Once a year, just to prove that democracy is dead in America, the local grade school has a science fair.|
I say this because if they called a vote there is not a single parent in the entire school system who would vote to have a science fair, except maybe some guy who is an engineer for Hewlett Packard and thinks everyone would be interested in his son's homemade particle accelerator.
Want to make a million dollars? Come out with a bunch of products called "Instant Science Projects - Just Add Water." Sell them at ten PM the day before school science fairs and desperate Dads will come pouring into your parking lot, ready to spend all the money in their pockets.
Desperate Dad: How much is this Just Add Water Chaos Theory Simulator?

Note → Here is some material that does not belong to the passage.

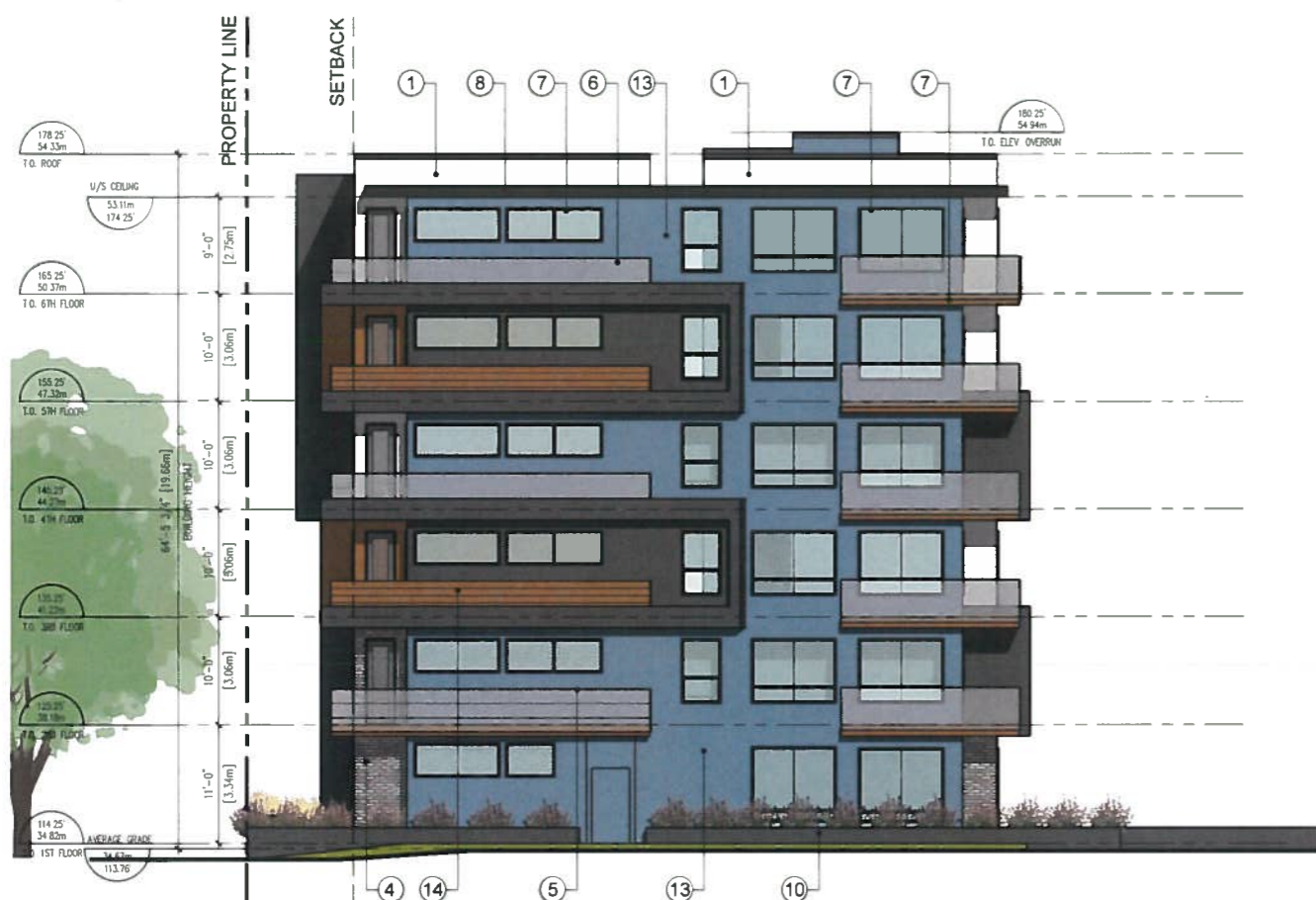
2 SOUTH ELEVATION - CONDO 1/8"=1'-0"

I know this because last year, on the eve of the science fair, I was at the drug store, crashing my cart into other Desperate Dads as we pondered what was available. Everyone was muttering to himself, trying out various project titles. "Let's see, um, Feed the Dog a Laxative... Wash the Gerbils with Head and Shoulders...Cane Tips: Pro or Con?...How much Cough Syrup before Mom Passes Out...Would Cats Rather be Blond?"
What I eventually settled on--What Happens if You Take Geritol and Run it Through a Room Humidifier?--was deemed by my son to be the dumbest thing he ever heard of, and he was in second grade at the time.
By third grade, the competition is even more intense. Weeks before the fair, Dads start eyeing one another with open hostility when they run into each other at the store, abruptly turning their backs on each other. Wives profess not to understand what this is all about.
Wife: Let's have the McCauls over for dinner Saturday.
My son mistakenly thought he wanted to grow crystals in a jar. No son, I said, that is a second grade project let's do something with plutonium. Eventually we settled on a project to genetically alter the character of plants. Dad can we really make a corn stalk grow tomatoes my son asked. I don't see why not I assured him. With cloning, after all, scientists were able to take a laser and cut out the nucleus of a sheep egg and replace it with some other bits of sheep, like maybe a piece of leg of lamb or something, and clone a sheep that wound up on the cover of Time magazine. With a little luck, I figured I could pull off something similar. (Time Magazine Cover: W. Bruce Cameron, Dad of the Year. "I always thought he was smarter than me," says envious neighbor Jim McCaul and his stupid kid.)
So I got a soldering iron, burned a hole in some corn, super glued some tomato seeds in the middle, and planted them in four jars of dirt.
How does one actually get nominated for the Nobel Prize, anyway--is there a postcard you send in or something?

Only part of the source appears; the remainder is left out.